◆ **Data listing**:
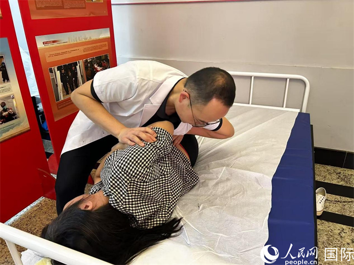 活动现场,四川省骨科医院天府院区颈肩腰腿痛科副主任医师吴忌正在为当地侨胞推拿。人民网记者 陈一鸣摄
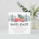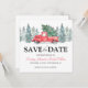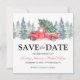 Rustieke winter bruiloft save the date kaarten met een eenvoudige witte achtergrond, waterverf kerst sparren, een vintage rode truck, een kerstboom en een traditionele save the date template die gemakkelijk aan te passen is.
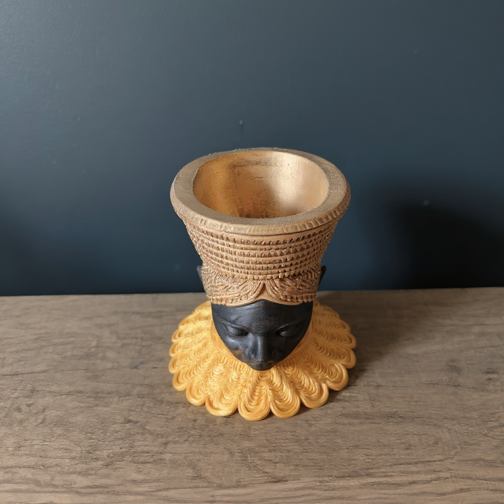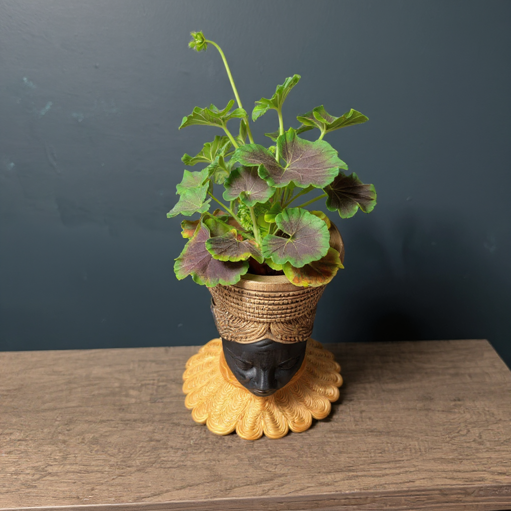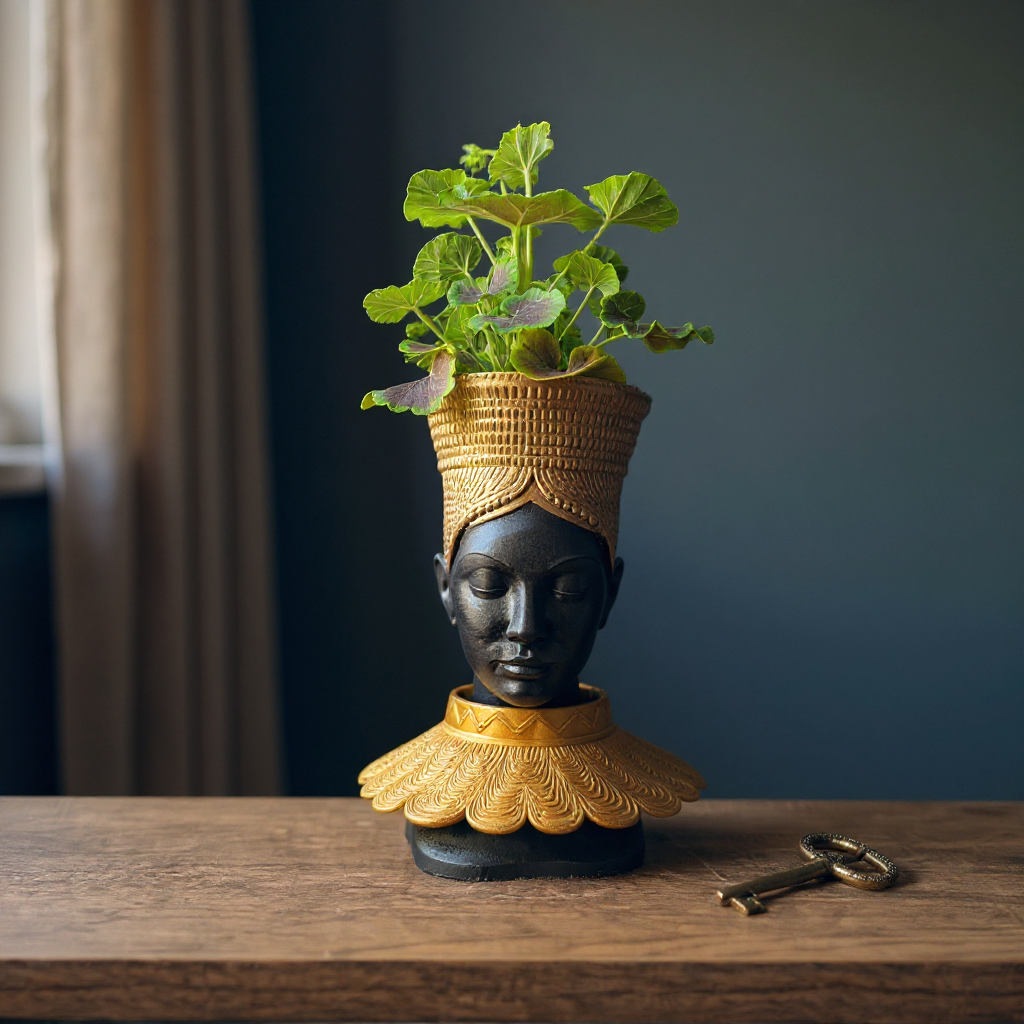 Discover our captivating African Head Planter, a truly unique art pot meticulously handcrafted to bring an air of sophisticated, tribal decor to your home. This stunning gold planter, featuring elegant black accents and an intricately designed gold PLA headdress, is more than just a concrete planter; it's a profound piece of black woman bust sculpture. Imagine this exquisite face planter or unique vase becoming the focal point of your indoor decor, a testament to handcrafted quality and artistic detail. Perfect as an indoor plant pot for your cherished greenery or as a standalone statement piece.
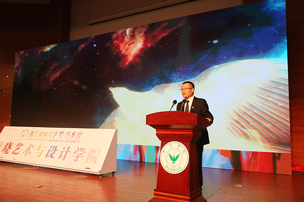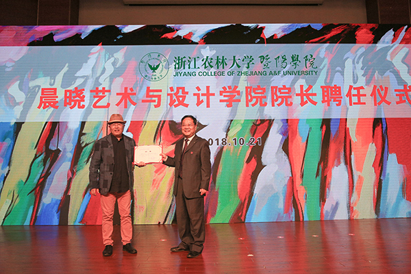 本网讯 10月21日上午,晨晓艺术与设计学院成立仪式暨庆祝浙江农林大学建校60周年“美的世界·穿越时空师生艺术作品展开幕式在明珠报告厅隆重举行。
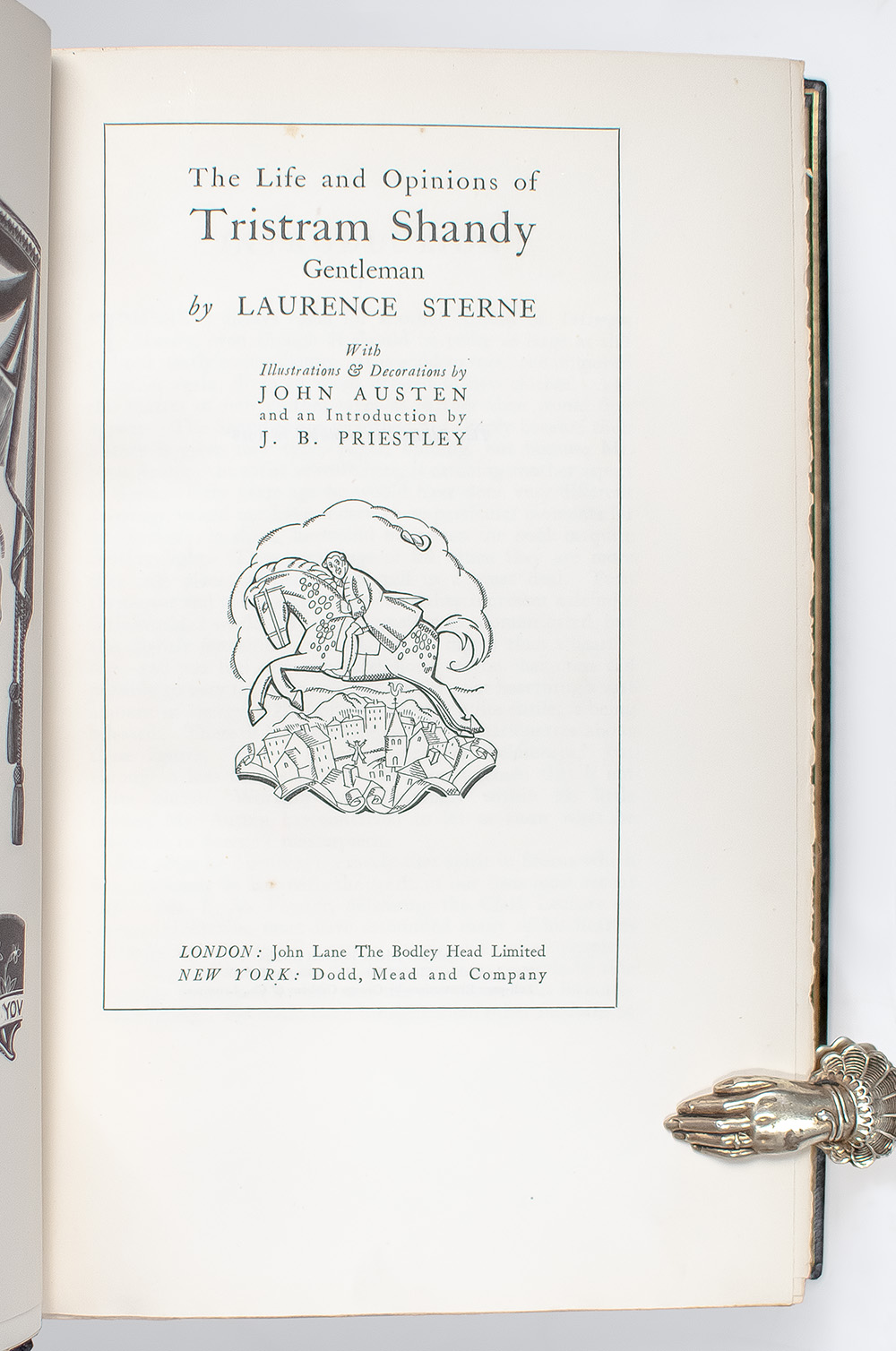 The Bodley Head Limited edition of one of the greatest comic novels in the English language. Royal octavo, bound in full morocco by Sangorski & Sutcliffe with gilt titles to the spine in six compartments within raised gilt bands, top edge gilt, gilt turn-ins and inner dentelles, marbled endpapers, frontispiece, with black and white illustrations throughout. In fine condition. Illustrations and decorations by John Austen. Introduction by J.B. Priestley. A beautiful example of this landmark 18th-century English novel.
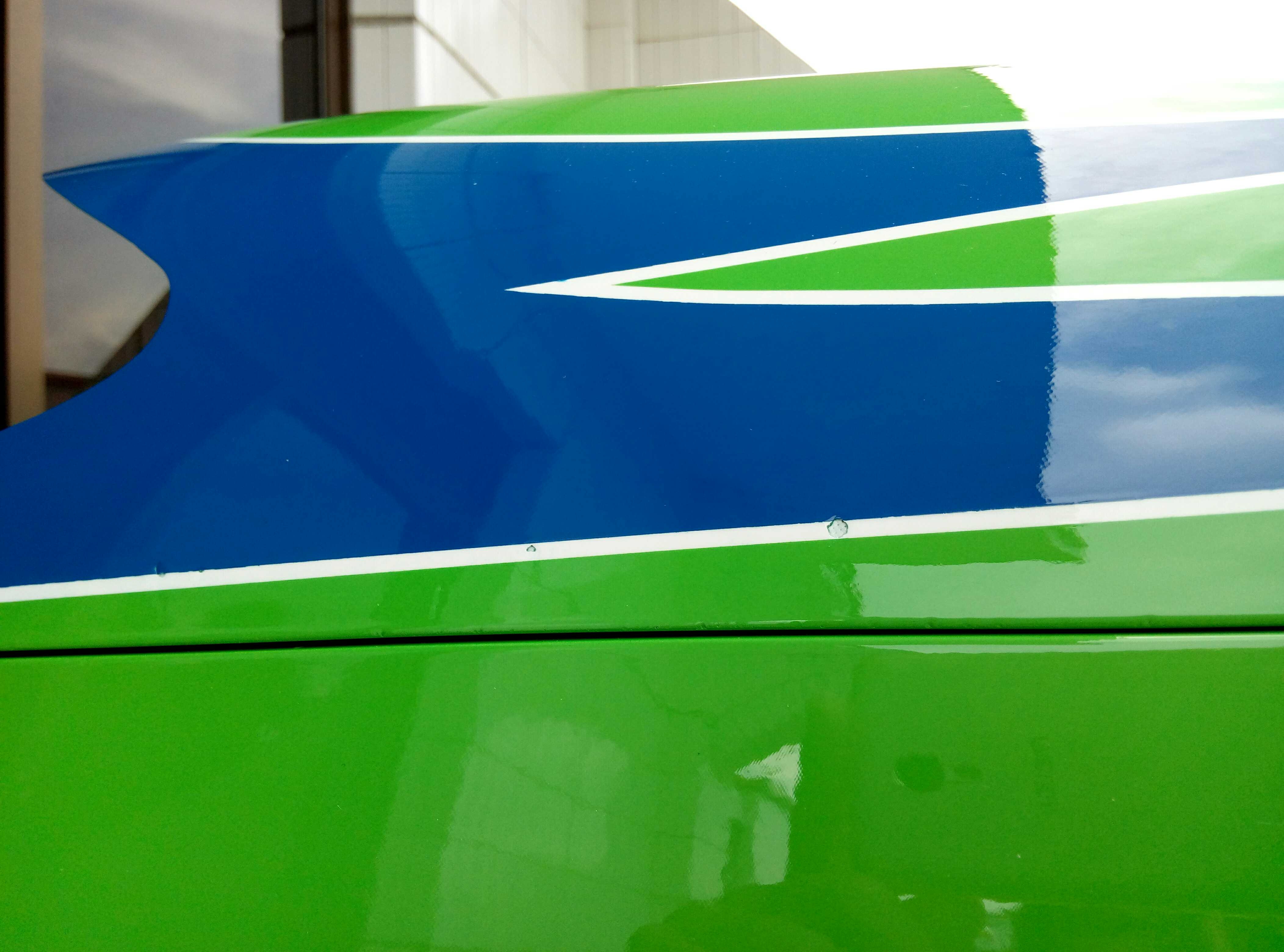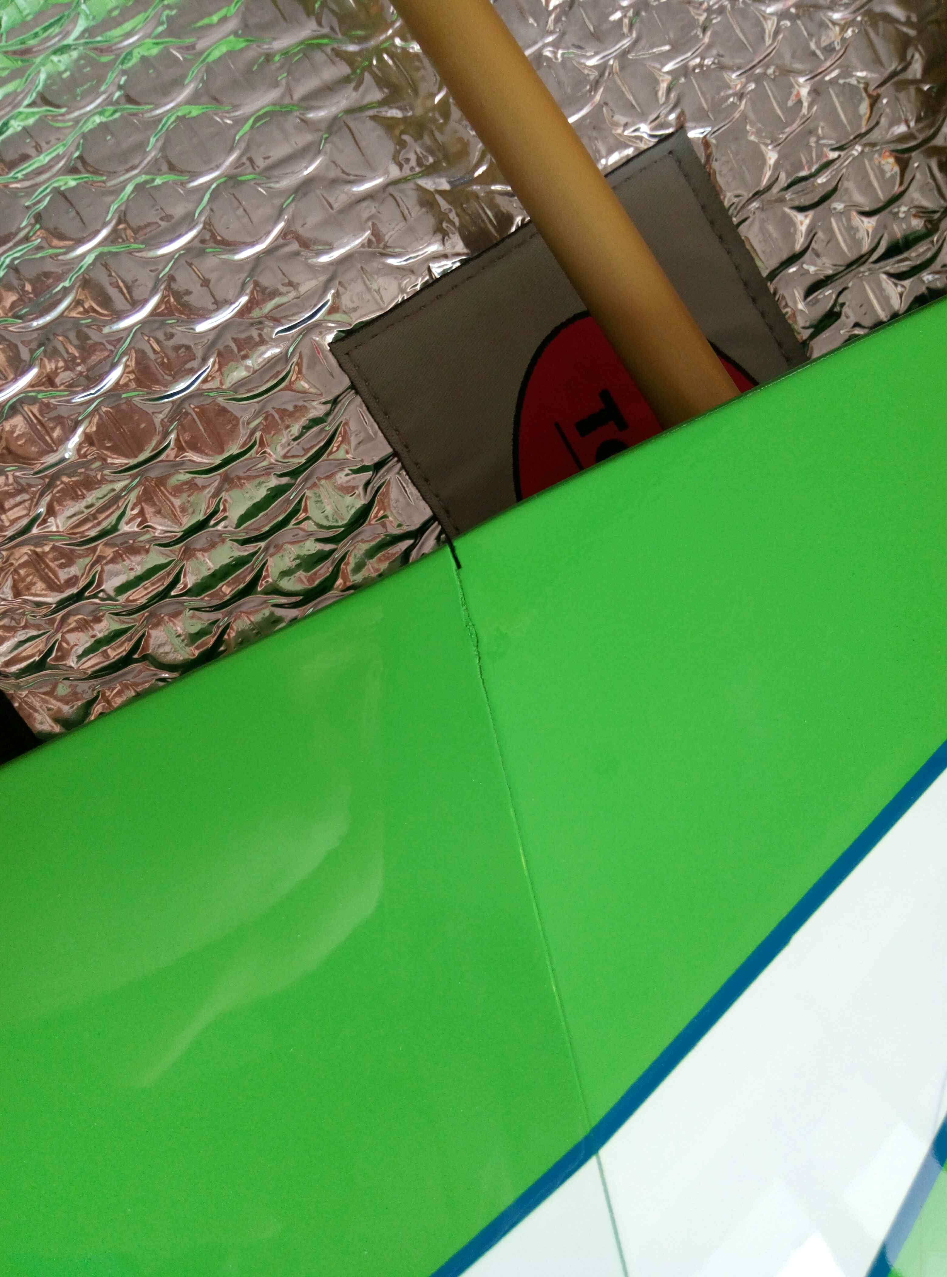 If you look at the first two pictures, there is paint in the void. We all know that when you paint in the mold and have a void behind the paint, the paint will bridge the hole in a thin film, or it will pop out leaving natural colored resin/cloth in the hole.

◆ **Your instructions**: Of the lines above, copy only those from the one holding "Rustieke winter bruiloft" to the one holding "本网讯 10月21日上午,晨", both included, and exclude every image.

◆ **Your solution**:
 Rustieke winter bruiloft save the date kaarten met een eenvoudige witte achtergrond, waterverf kerst sparren, een vintage rode truck, een kerstboom en een traditionele save the date template die gemakkelijk aan te passen is.
 Discover our captivating African Head Planter, a truly unique art pot meticulously handcrafted to bring an air of sophisticated, tribal decor to your home. This stunning gold planter, featuring elegant black accents and an intricately designed gold PLA headdress, is more than just a concrete planter; it's a profound piece of black woman bust sculpture. Imagine this exquisite face planter or unique vase becoming the focal point of your indoor decor, a testament to handcrafted quality and artistic detail. Perfect as an indoor plant pot for your cherished greenery or as a standalone statement piece.
 本网讯 10月21日上午,晨晓艺术与设计学院成立仪式暨庆祝浙江农林大学建校60周年“美的世界·穿越时空师生艺术作品展开幕式在明珠报告厅隆重举行。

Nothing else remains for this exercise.